Nettie paused, the thought of her mistress's confidence in her holding her in her headlong purpose to escape.

"So I could do the work alone. It's not that. It's just that—that I'm afraid to be here alone—with you," she blurted out.

"Far's that goes, I'm hikin' for Barstairs myself tonight. Goin' on up to the Bull camp. We're leavin' for the States shortly, and I got to go alone."

Something was burning on the stove and she rushed to lift off the potatoes. The Bull had seated himself at the table and was buttering a chunk of bread. Nettie hesitated a moment and then, as the man apparently oblivious of or indifferent to her presence continued to munch in abstracted silence, Nettie took her place at the table. She poured out the tea and passed his cup to him, helping herself to a piece of the cold roast pork. The potato dish was to the left of him and after a moment she timidly asked him to pass it to her. He shoved the dish across without looking up and continued to "pack down"—an expression of his own—the food.

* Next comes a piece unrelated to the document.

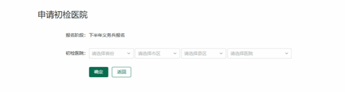 务兵报名信息填写完毕并成功提交后,请在当地乡镇武装部或高校征兵工作站工作人员的指导下,点击“我的进度”里的“初检初核”按钮,选择初检医院进行初检。

The meal came to an end in this strange silence and afterwards she cleared the table and washed the dishes, acutely aware of every move the man made in the big room. He had taken down his sheepskin riding coat and pushed his legs into fur chapps. The spurs clanked as he snapped them onto his heels. He took down the quirt and huge hat hanging to a deer head's horns, clapped the hat upon his head, and tramped to the door. All his preparations indicated a long ride. At the door he threw back an order to Nettie.

"Anyone telephones, I'll reach Barstairs by six or seven in the mornin'. They can get me there. Have Jake at the house for chores. Let 'im sleep off the kitchen."

She nodded dumbly, conscious only of a vast sense of relief. He was gone.